Юнцы опешили и тотчас же умолкли: их вожак подал знак рукой, призывая к порядку. До самой улицы Байза они вели себя мирно. На остановке банда гитлерюгендцев, толкаясь и шумно смеясь, вышла. Один из них уже на перроне выкрикнул бранное слово.
Карлсдорфер покраснел как рак. Он оттолкнул в сторону оторопевшего кондуктора, который в этот момент собирался закрыть дверь, выпрыгнул на площадку и своей тростью принялся избивать распоясавшихся молодых гитлеровцев. Кондуктор от изумления выпучил глаза, дождался, когда Карлсдорфер вернется в вагон, затем закрыл дверь, дал звонок, и поезд тронулся. За всю дорогу никто не сказал ни слова. Карлсдорфер, гневно ворча, вышел на площади Героев и побрел в сторону улицы Дамьянича.
Янош Хомок
Двадцатитрехлетний формовщик Янош Хомок слыл мастером своего дела. Подобно скульптору, который наперед знает, как будет выглядеть бронзовая скульптура всадника, Янош Хомок легко представлял себе, каким получится статор турбины или маховик из чугуна… Утрамбовывая в опоке песок, пробивая дырки для свободного отхода газов при остывании металла, он каждый раз испытывал такую же радость созидания, какую ощущал еще дома, в Шомошбане, когда строил вместе с ребятами на берегу ручья затейливые крепости или лепил красивые фигуры из мягкой глины.

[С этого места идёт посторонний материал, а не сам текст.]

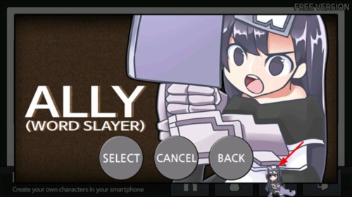3.点击选中的角色(如红色箭头所指的女性角色),进入角色详情界面,显示角色名称为“ALLY(WORD SLAYER)”。

Но умение лепить было не единственным достоинством Яни Хомока. Он был миловидным, как девушка, краснощеким, стройным, кареглазым мальчиком. Таких, как он, женщины любят погладить по остриженной головке, а учитель всегда вызывает к доске, когда приезжает инспектор. Правда, бывало и так, что он ни слова не знал из заданного урока, но зато держался смело, а смелость города берет.
Счастье привалило к нему случайно. Однажды Геза Ремер играл со своим шурином в теннис; мальчишки взобрались на садовую ограду, но лишь один из них осмелился подойти поближе и стал подавать мяч по просьбе игроков – это был Яни Хомок. В ту пору Гезе Ремеру было не больше тридцати лет. Он уже начал полнеть, но, по мнению многих, был еще довольно красив. Играя по утрам в теннис, он боролся с грозившей ему полнотой. Связанный сидячей работой, Геза Ремер неумеренно потреблял жирное жаркое и сметану со сладостями.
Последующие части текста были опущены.